**WHAT NEEDS TO BE DONE:** From top to bottom, write out the listing exactly and skip every picture.

**ENTRIES PROVIDED:**
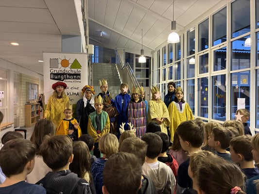 In der ersten Schulwoche im Jahr 2026 erhielt die Grundschule Burgthann royalen Besuch: Die Sternsinger überbrachten in bewährter Weise Segenswünsche für die Schulfamilie. Mitschüler sowie Lehrkräfte zeigten sich mächtig beeindruckt, wie viele Mädchen und Jungen aus ihren Reihen in den Weihnachtsferien als Könige und Sternträger unterwegs waren. Ihr vorbildlicher Einsatz hatte sich gelohnt: In der Pfarrei Winkelhaid-Burgthann konnten rund 17.000 Euro für Familien in Bangladesch gesammelt werden. Die Spenden sollen dazu beitragen, dass Kinder dort eine schulische Bildung erhalten können und nicht zu Kinderarbeit gezwungen werden.
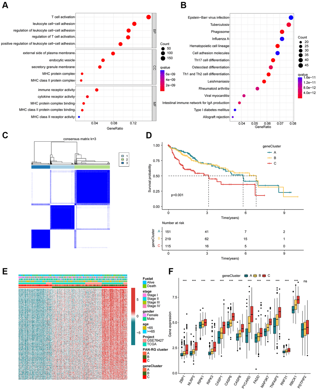 Figure 4. Identification of DEGs in the PAN-RG molecular subtypes. (A) GO and (B) KEGG enrichment assessment of the PAN-RG cluster-based DEGs. (C) Unsupervised consensus clustering of the DEGs in HCC. (D) Clinical prognosis analysis of HCC in gene-cluster subgroups. (E) Heatmap plot illustrates the relationship of clinical variates and prognostic DEGs in PAN-RG- and gene-cluster subgroups. (F) PAN-RGs expression landscape of HCC in gene-cluster A, B, and C.
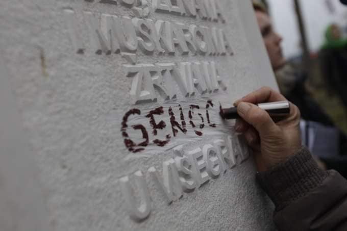 Kada su vlasti uklonile riječ „GENOCID“, Bakira nije ustuknula. Izvadila je karmin i crvenim slovima ponovo ispisala riječ koja ih progoni – „GENOCID“
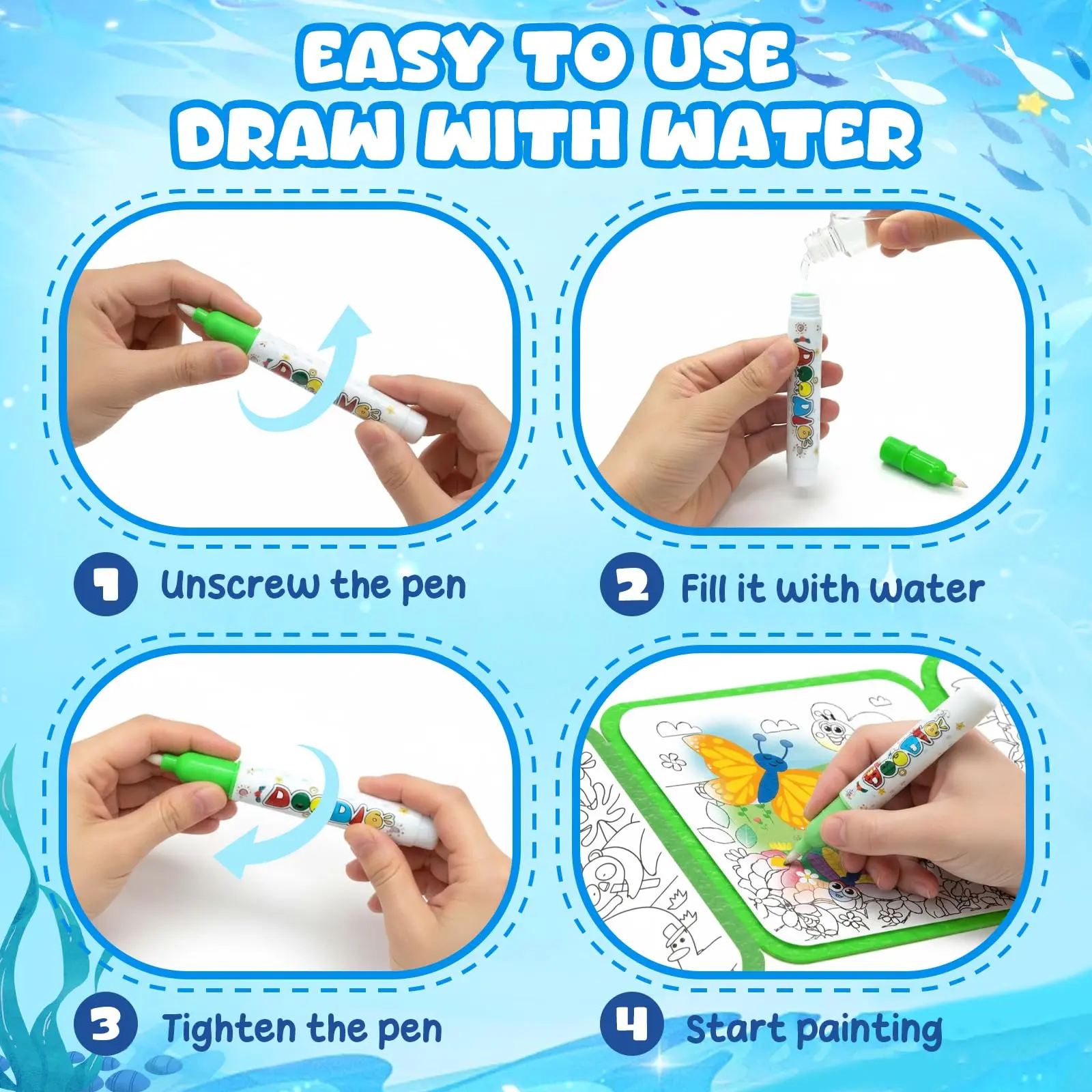 Just add water and watch colors appear—then fade for endless, mess-free fun. Perfect for creative play at home or on the go.
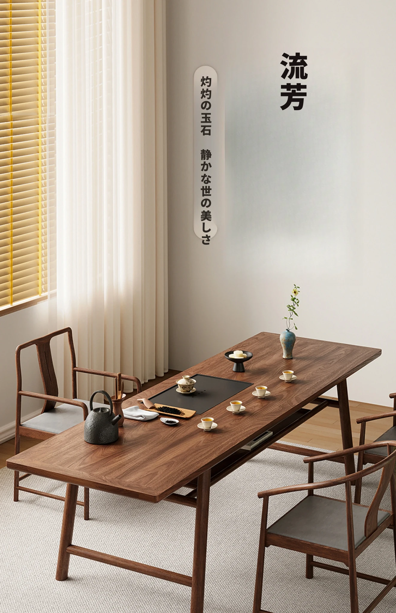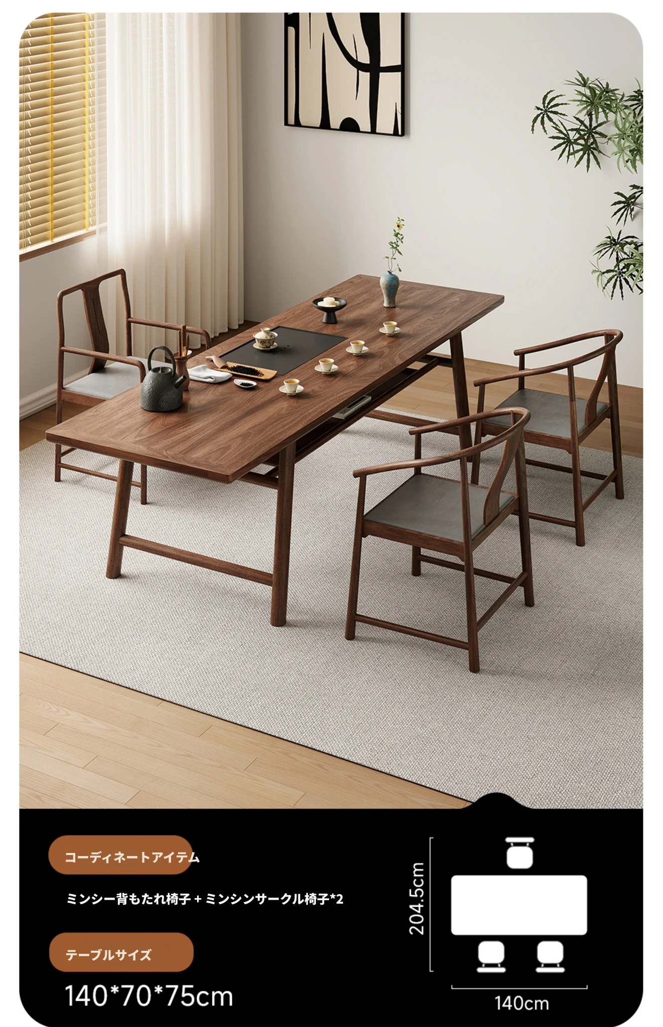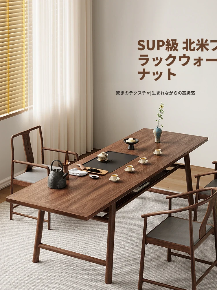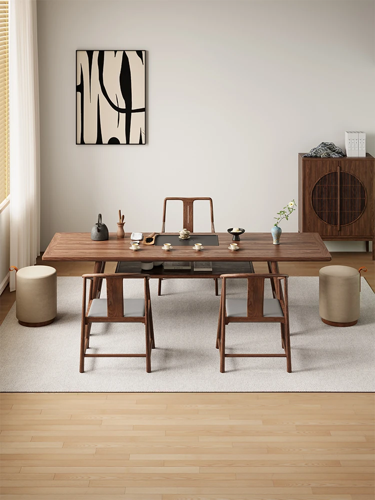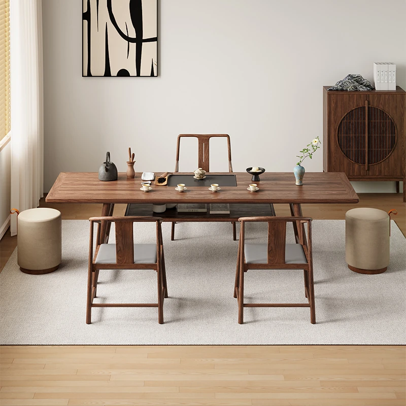 新中式ブラックウォールナット製の大板茶卓椅子セット - 禅の精神を感じる高級感あふれる実木茶台、2025年新作!心地よいひとときをお届けします。
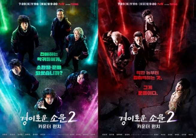 tvN 새 토일드라마 ‘경이로운 소문2: 카운터 펀치’(연출 유선동/극본 김새봄/제작 스튜디오드래곤, 베티앤크리에이터스)(이하. ‘경이로운 소문2’)가 7월 29일(토) 밤 9시 20분으로 첫 방송을 확정했다. 이와 함께 19일(월), 티저 포스터 2종을 공개해 이목을 집중시킨다.
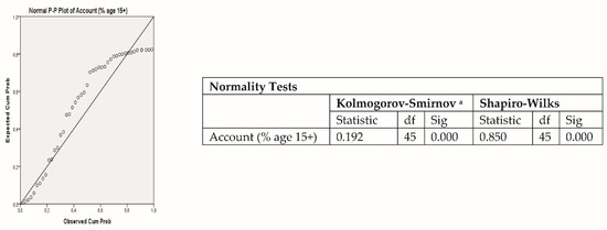 The variable owning an account follows an approximately normal distribution at the European level, as can be seen from the normality plot, confirmed by the Kolmogorov–Smirnov test (Figure 3).
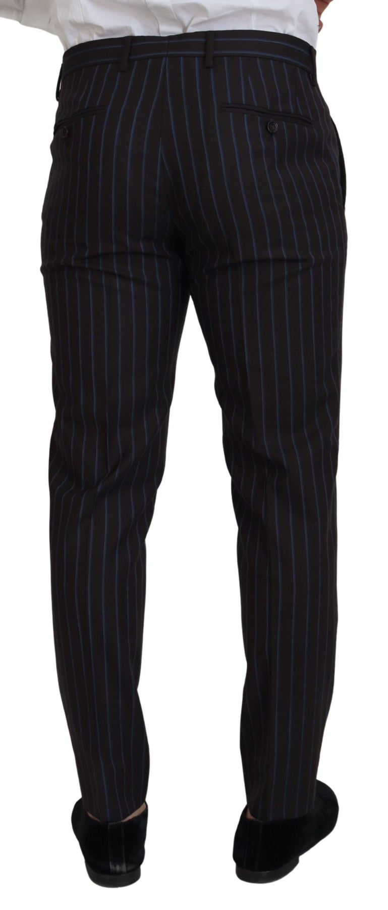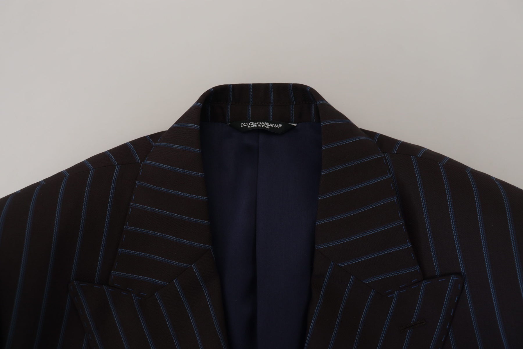 Gorgeous brand new with tags 100% Authentic Dolce & Gabbana 2 piece suit. Striped blazer with peak lapels and two-button closure. The trousers feature a concealed zip and button closure, front slanted pockets, one watch pocket and two back welt pockets with buttons. Pressed pleats and unfinished hems.
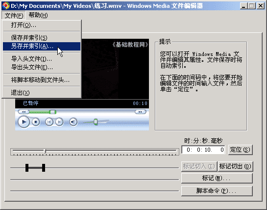 点菜单“文件-另存并索引..”,以“练习a”为文件名,保存文件到我的视频文件夹里,由于是另存,原来的文件还在;
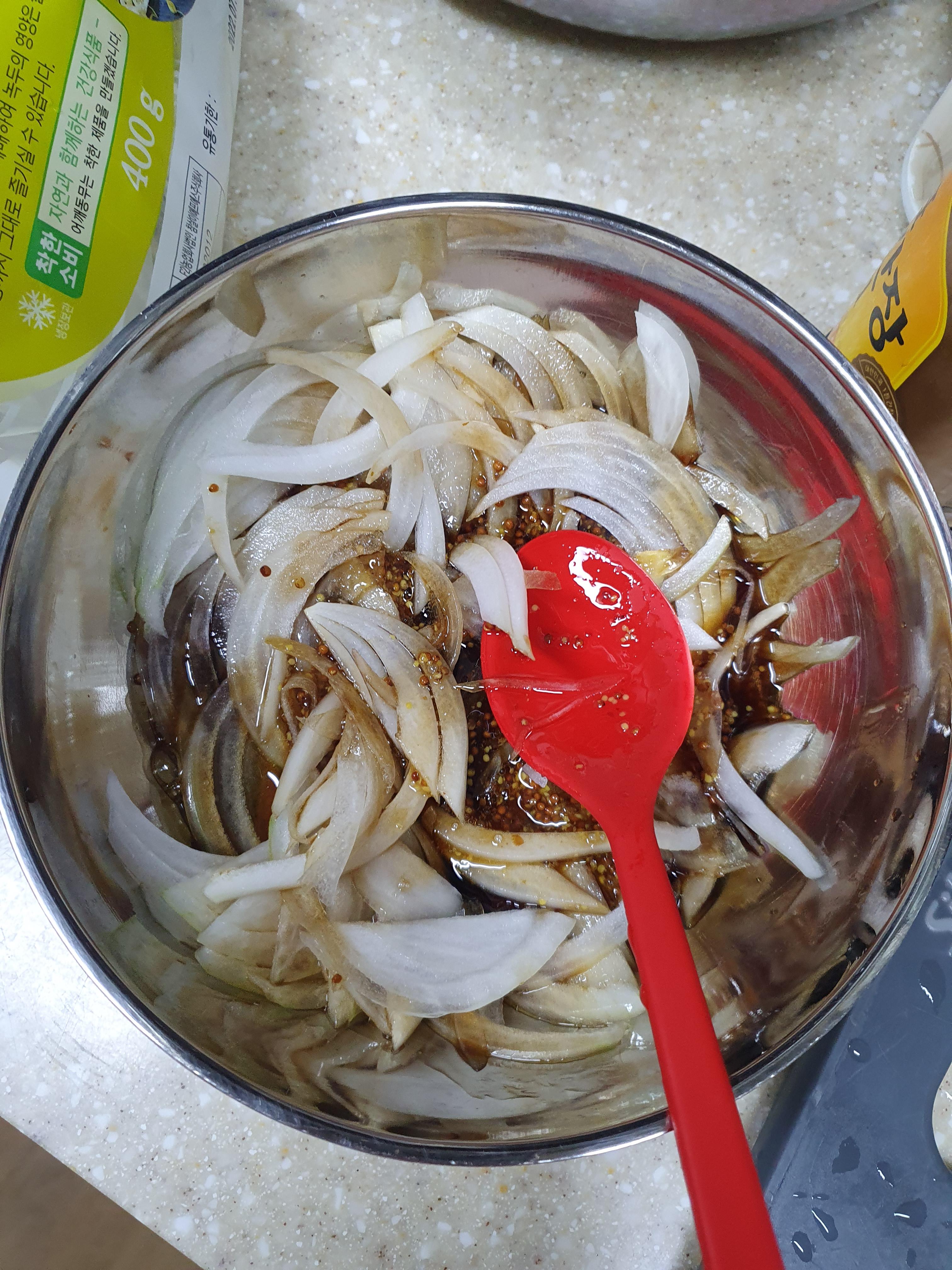홀그래인소스 1수저, 간장 2수저, 식초1수저, 물엿 2수저를 넣은 다음에 섞고 거기에 양파를 아주 얇게 썰어서 섞어줍니다.

**SOLUTION:**
 In der ersten Schulwoche im Jahr 2026 erhielt die Grundschule Burgthann royalen Besuch: Die Sternsinger überbrachten in bewährter Weise Segenswünsche für die Schulfamilie. Mitschüler sowie Lehrkräfte zeigten sich mächtig beeindruckt, wie viele Mädchen und Jungen aus ihren Reihen in den Weihnachtsferien als Könige und Sternträger unterwegs waren. Ihr vorbildlicher Einsatz hatte sich gelohnt: In der Pfarrei Winkelhaid-Burgthann konnten rund 17.000 Euro für Familien in Bangladesch gesammelt werden. Die Spenden sollen dazu beitragen, dass Kinder dort eine schulische Bildung erhalten können und nicht zu Kinderarbeit gezwungen werden.
 Figure 4. Identification of DEGs in the PAN-RG molecular subtypes. (A) GO and (B) KEGG enrichment assessment of the PAN-RG cluster-based DEGs. (C) Unsupervised consensus clustering of the DEGs in HCC. (D) Clinical prognosis analysis of HCC in gene-cluster subgroups. (E) Heatmap plot illustrates the relationship of clinical variates and prognostic DEGs in PAN-RG- and gene-cluster subgroups. (F) PAN-RGs expression landscape of HCC in gene-cluster A, B, and C.
 Kada su vlasti uklonile riječ „GENOCID“, Bakira nije ustuknula. Izvadila je karmin i crvenim slovima ponovo ispisala riječ koja ih progoni – „GENOCID“
 Just add water and watch colors appear—then fade for endless, mess-free fun. Perfect for creative play at home or on the go.
 新中式ブラックウォールナット製の大板茶卓椅子セット - 禅の精神を感じる高級感あふれる実木茶台、2025年新作!心地よいひとときをお届けします。
 tvN 새 토일드라마 ‘경이로운 소문2: 카운터 펀치’(연출 유선동/극본 김새봄/제작 스튜디오드래곤, 베티앤크리에이터스)(이하. ‘경이로운 소문2’)가 7월 29일(토) 밤 9시 20분으로 첫 방송을 확정했다. 이와 함께 19일(월), 티저 포스터 2종을 공개해 이목을 집중시킨다.
 The variable owning an account follows an approximately normal distribution at the European level, as can be seen from the normality plot, confirmed by the Kolmogorov–Smirnov test (Figure 3).
 Gorgeous brand new with tags 100% Authentic Dolce & Gabbana 2 piece suit. Striped blazer with peak lapels and two-button closure. The trousers feature a concealed zip and button closure, front slanted pockets, one watch pocket and two back welt pockets with buttons. Pressed pleats and unfinished hems.
 点菜单“文件-另存并索引..”,以“练习a”为文件名,保存文件到我的视频文件夹里,由于是另存,原来的文件还在;
홀그래인소스 1수저, 간장 2수저, 식초1수저, 물엿 2수저를 넣은 다음에 섞고 거기에 양파를 아주 얇게 썰어서 섞어줍니다.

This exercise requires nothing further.